● Work instruction:
This exercise calls for retyping every line below exactly, with the images omitted.

● Material shown:

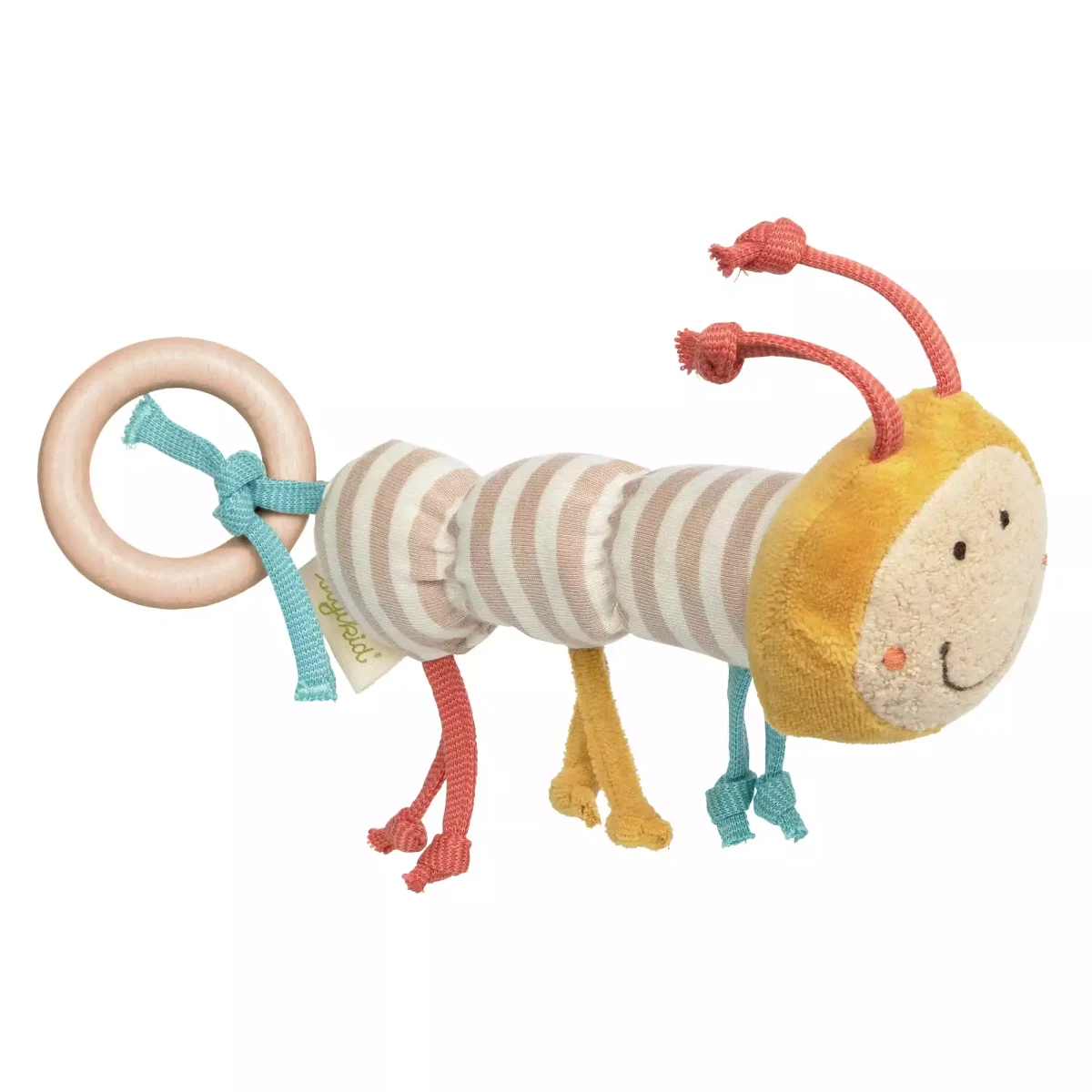 Mit diesem super süßen Greifling Raupe von sigikid wird dein kleiner Schatz optimal bei ersten Greif- und Festhalteversuchen unterstützt. Im Inneren der Raupe mit den niedlichen Kordelbeinchen befindet sich eine Rassel, die zudem das Interesse deines Kindes weckt. Die verschiedenen Stoffe des Greiflings bestehen aus 100% Bio-Baumwolle und gefüllt ist er mit 100% Schurwolle, sodass du ihm deinem kleinen Schatz bedenkenlos zum Schmusen in die kleinen Fingerchen geben kannst. Der abnehmbare Spiel- und Beißring besteht aus glattem Buchenholz.
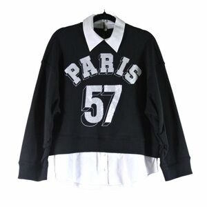 Chic black varsity top with bold Paris 57 graphic. Ideal for a stylish look.
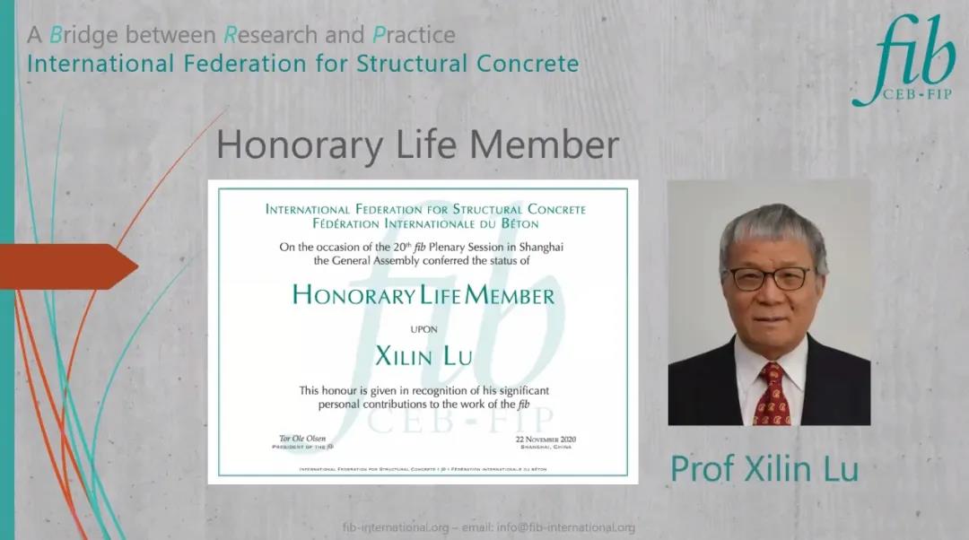 11月22日,国际结构混凝土协会 (fib ) 2020年国际学术大会在上海召开,会议采用线上与线下相结合的形式。开幕式上,国际结构混凝土协会主席Tor Ole Olsen先生为中国工程院院士、我校土木工程学院教授吕西林颁发“fib 终身荣誉会员”奖,以表彰他在混凝土结构理论研究和工程应用方面所取得的学术成就,以及对国际结构混凝土协会作出的突出贡献。国际结构混凝土协会每年评选“终身荣誉会员”奖一名。吕西林院士是首位获得国际结构混凝土协会年度重要奖项的中国学者。
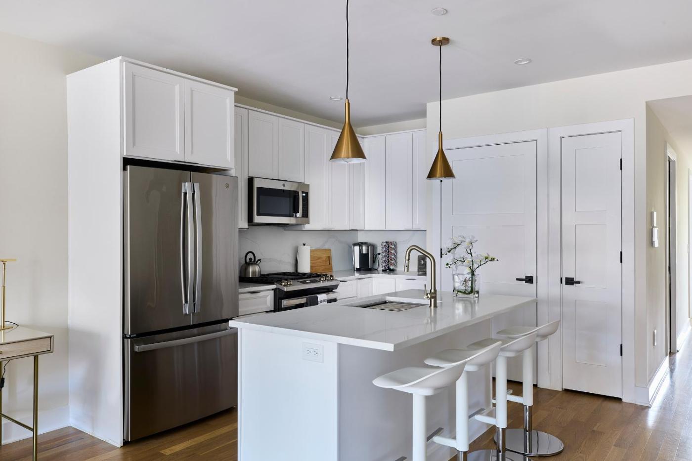 Three-Bedroom Apartment. Offering free toiletries, this apartment includes a private bathroom with a bath, a shower and a hairdryer. The fully equipped kitchen features a stovetop, a refrigerator, a dishwasher and kitchenware. The spacious air-conditioned apartment offers a flat-screen TV with streaming services, a washing machine, soundproof walls and a tea and coffee maker. The unit offers 4 beds.
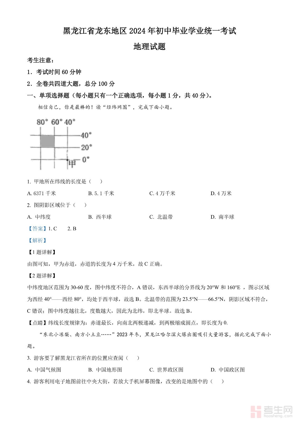 2024年黑龙江省龙东地区中考地理试题(解析版)
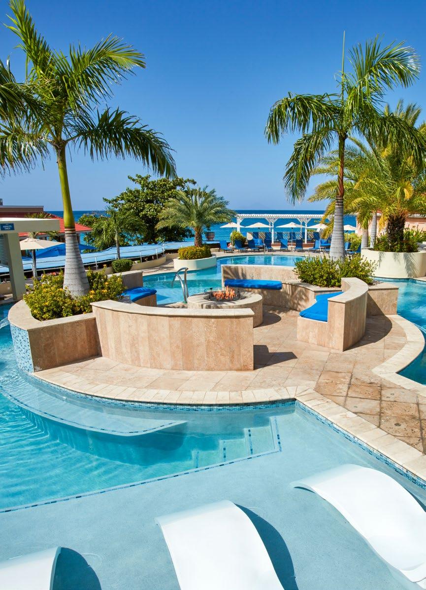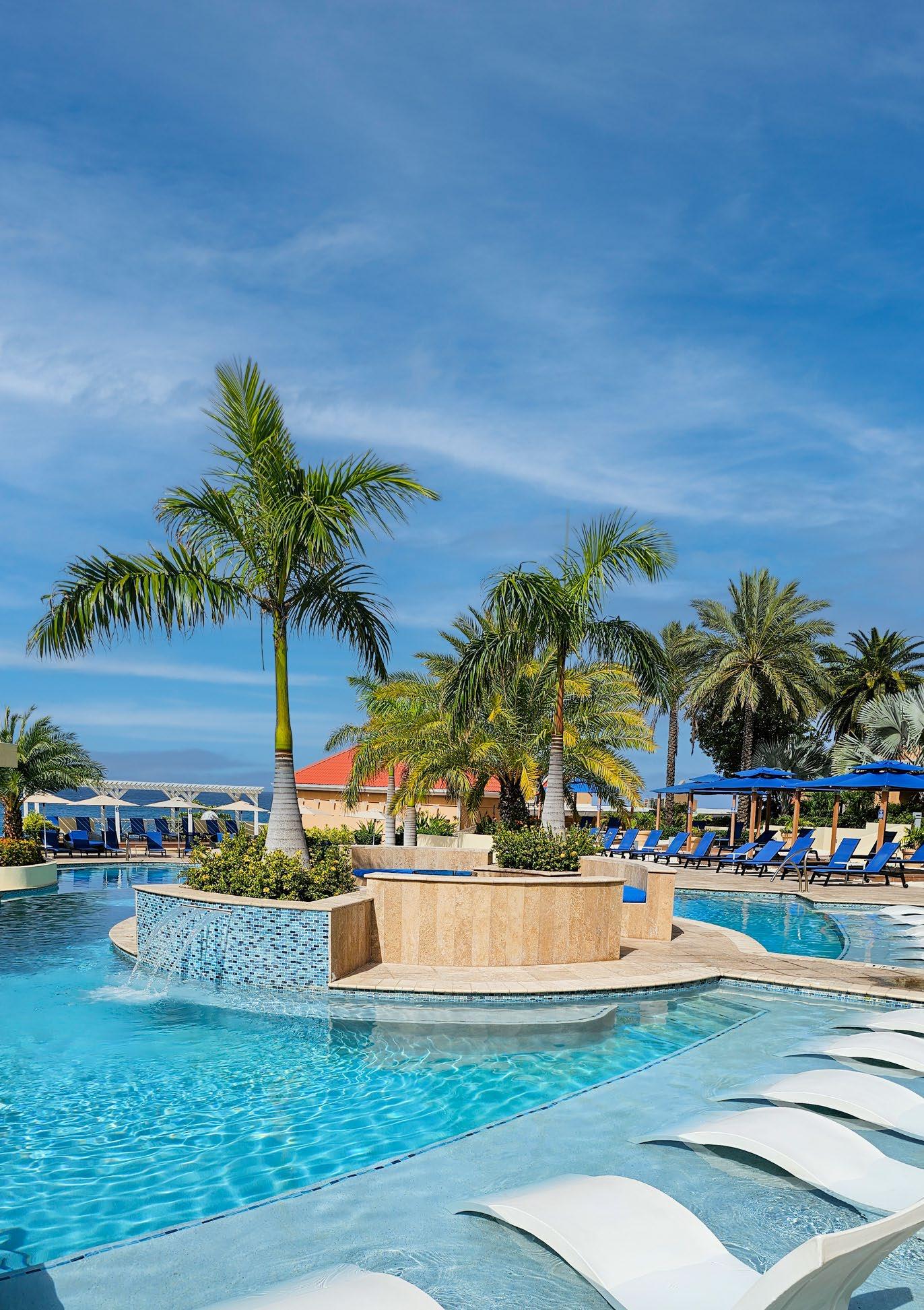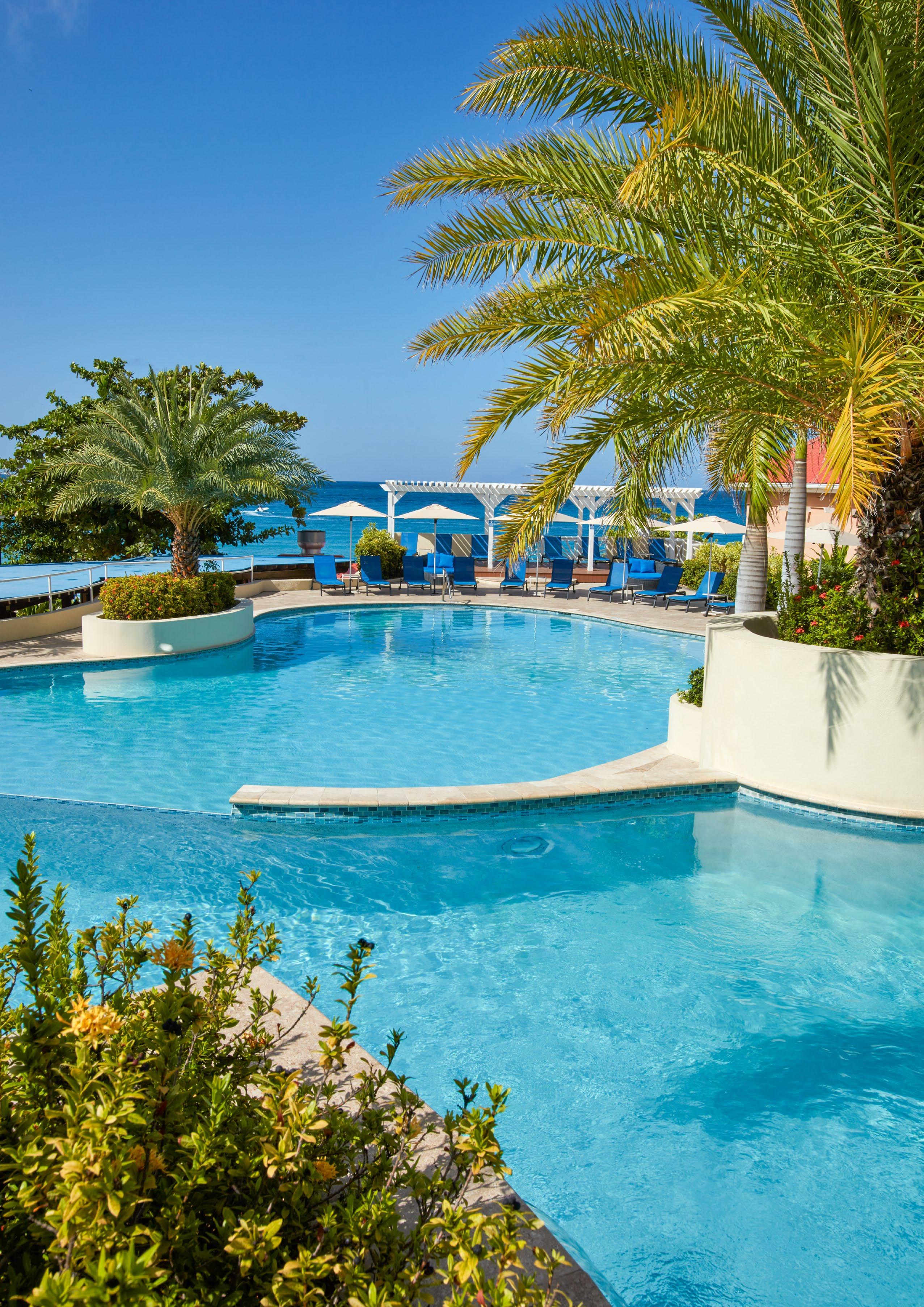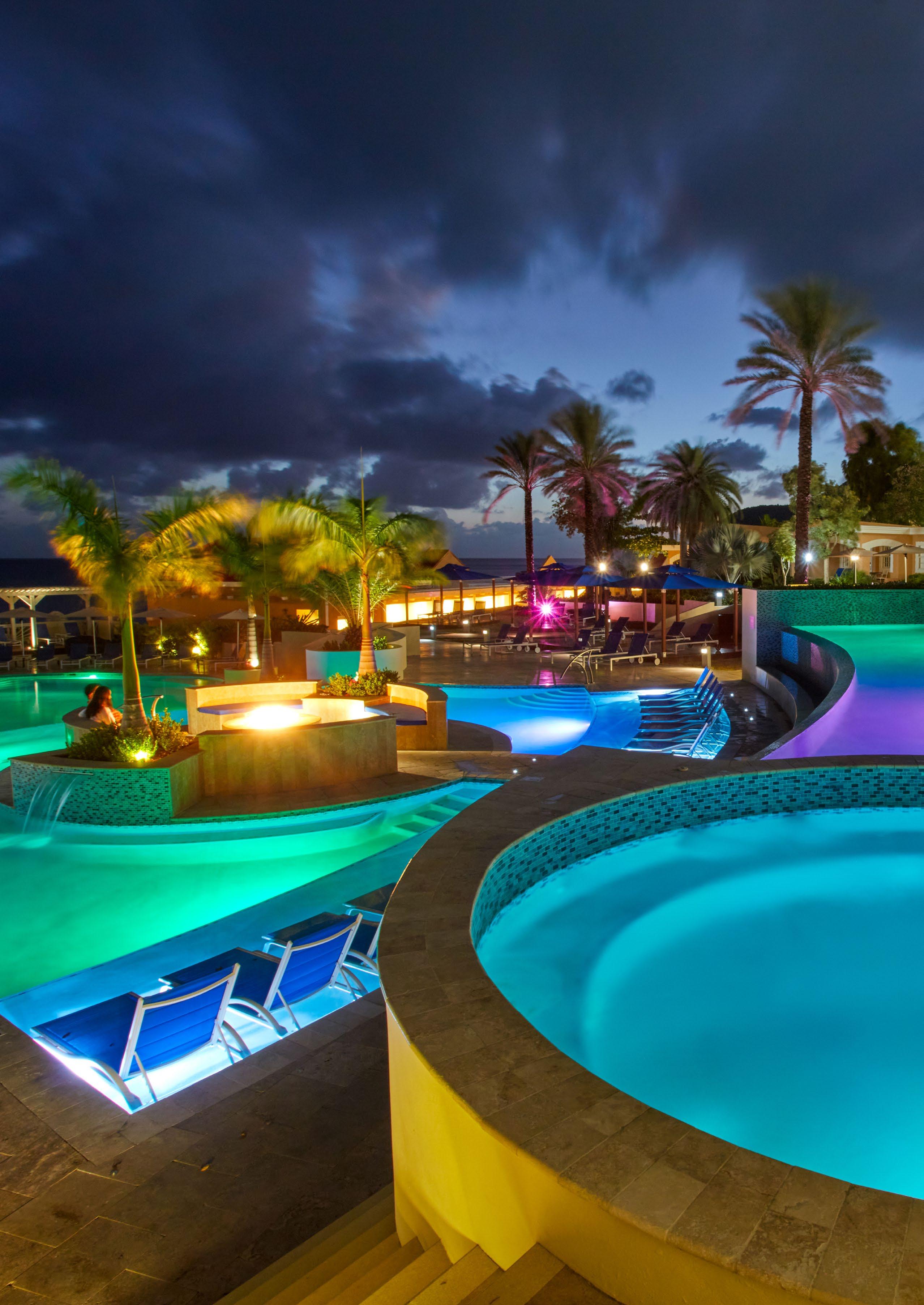 Cool off by one of three spectacular ocean view pools. Our main pool features multiple swimming areas that spill into one another, soothing waterfalls, a central fire pit, a lively swim-up bar, an oversized hot tub, comfortable cabanas, and seating on several terraces.

● Exercise result:
 Mit diesem super süßen Greifling Raupe von sigikid wird dein kleiner Schatz optimal bei ersten Greif- und Festhalteversuchen unterstützt. Im Inneren der Raupe mit den niedlichen Kordelbeinchen befindet sich eine Rassel, die zudem das Interesse deines Kindes weckt. Die verschiedenen Stoffe des Greiflings bestehen aus 100% Bio-Baumwolle und gefüllt ist er mit 100% Schurwolle, sodass du ihm deinem kleinen Schatz bedenkenlos zum Schmusen in die kleinen Fingerchen geben kannst. Der abnehmbare Spiel- und Beißring besteht aus glattem Buchenholz.
 Chic black varsity top with bold Paris 57 graphic. Ideal for a stylish look.
 11月22日,国际结构混凝土协会 (fib ) 2020年国际学术大会在上海召开,会议采用线上与线下相结合的形式。开幕式上,国际结构混凝土协会主席Tor Ole Olsen先生为中国工程院院士、我校土木工程学院教授吕西林颁发“fib 终身荣誉会员”奖,以表彰他在混凝土结构理论研究和工程应用方面所取得的学术成就,以及对国际结构混凝土协会作出的突出贡献。国际结构混凝土协会每年评选“终身荣誉会员”奖一名。吕西林院士是首位获得国际结构混凝土协会年度重要奖项的中国学者。
 Three-Bedroom Apartment. Offering free toiletries, this apartment includes a private bathroom with a bath, a shower and a hairdryer. The fully equipped kitchen features a stovetop, a refrigerator, a dishwasher and kitchenware. The spacious air-conditioned apartment offers a flat-screen TV with streaming services, a washing machine, soundproof walls and a tea and coffee maker. The unit offers 4 beds.
 2024年黑龙江省龙东地区中考地理试题(解析版)
 Cool off by one of three spectacular ocean view pools. Our main pool features multiple swimming areas that spill into one another, soothing waterfalls, a central fire pit, a lively swim-up bar, an oversized hot tub, comfortable cabanas, and seating on several terraces.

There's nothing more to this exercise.